Connectathons are held annually in Asia, Europe and North America. Thousands of vendor-to-vendor connections are tested each year. The results of testing are published in the Connectathon Results Database. The advanced browsing view e.g. enables you to see a record of testing for the XDSb profile (select Cross Enterprise Clinical Documents Share XDSb as integration profile), which companies (select "All companies" for columns) has tested over the history of Connectathons (select "all Connectathons" for rows).
The IHE Gazelle test platform (see the local instance at UAS Technikum Wien) supports formal testing at IHE Connectathons.
The planned IES implementation conformity test events will be comparable to IHE connectaton.
Testing also helps both vendors and users: During procurement buyers refer to specific profiles as needed. Vendors then develop and certify software modules as specified. At the time of installation, the effort for system integration decreases dramatically.
IHE has established the IHE Conformity Assessment Scheme (CAS) to certify specific products for conformance to IHE profiles. The test methods that will be developed by the IES project may also in the future be used for similar purposes.

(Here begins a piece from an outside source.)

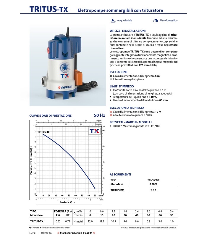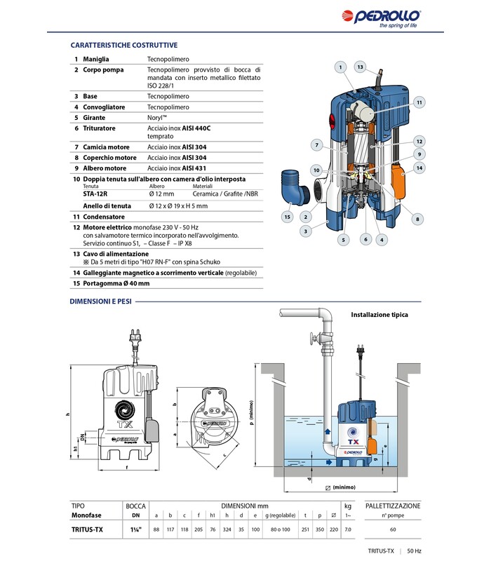 Le elettropompe TRITUS-TX sono dotate di un compattogalleggiante integrato a funzionamento magnetico a scorrimento verticale che garantisce una sicurezza elettrica totale e consente l'utilizzo della pompa in spazi molto ridotti (anche in pozzetti di soli 220 mm di lato).
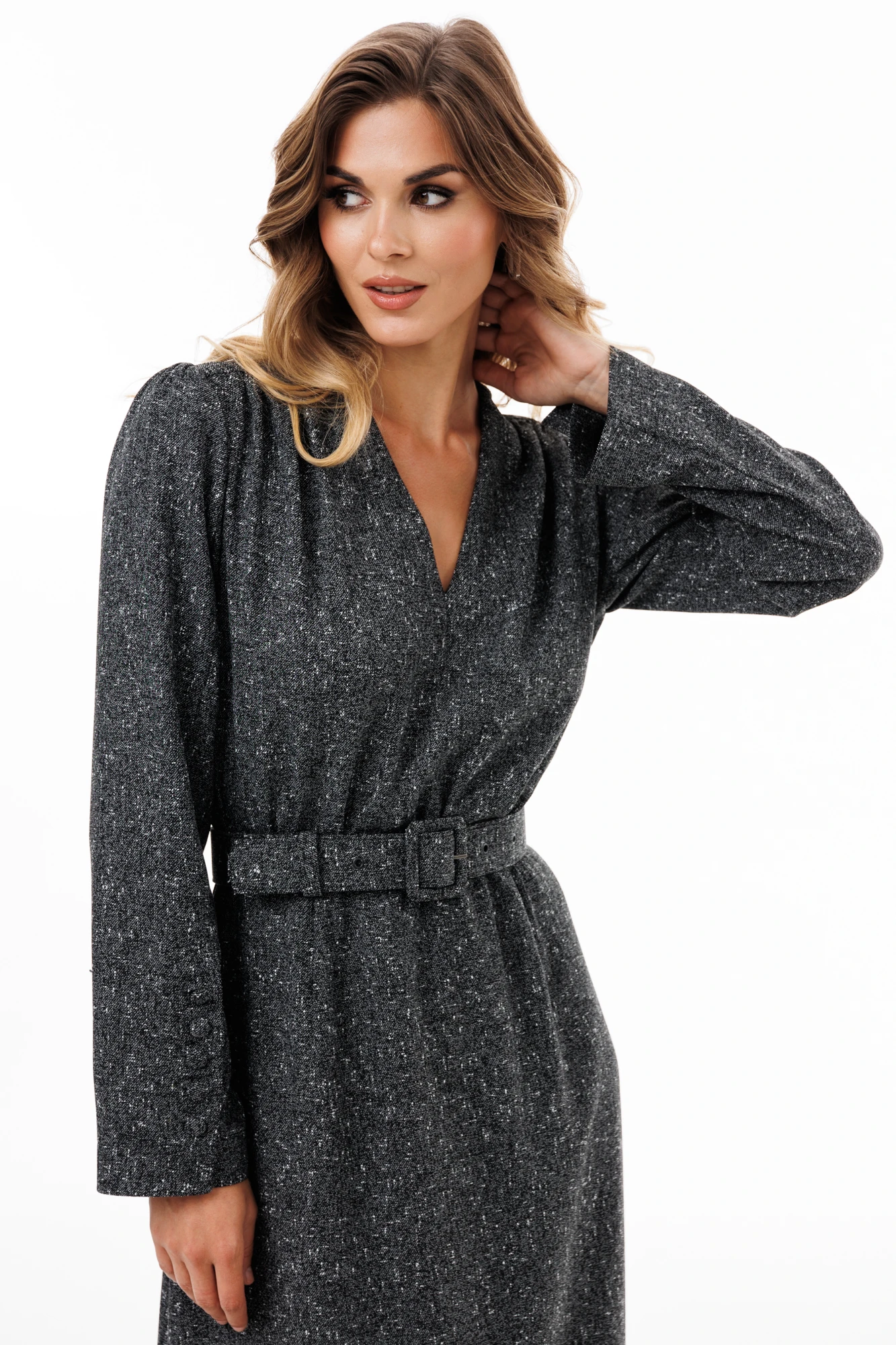 Платье выполнено из костюмной ткани меланж. Платье Х-образного силуэта, отрезное по линии талии, длиной миди. Спереди лифа кокетка со сборкой. Горловина V-образной формы. На спинке средний шов, кокетка и сборка от нее. Плечевой шов отсутсвует. Рукав втачной, двухшовный со сборкой по окату. В переднем шве рукава щлица, с застежкой на пуговицы. Юбка слегка расширена к низу. По линии талии эластичная тесьма. В левом боковом шве застежка на потайную молнию. Платье на отлетной по низу подкладке. В комплект входит ремень из основной ткани с обтяжной пряжкой.

Project - oriented testing within specific communities
On top of available profiles, implementation projects typically add project-specific specifications. In order to test these, a community may start a "Projectathon", to test software for conformance to the interoperability profiles and to the project specific specifications at the same time. This further reduces the effort for tool and software development. Vendors may also re-use existing modules, skills and know- how to serve several communities.
The European project epSOS for example conducted an epSOS Projectathon in November 2010 in Bratislava.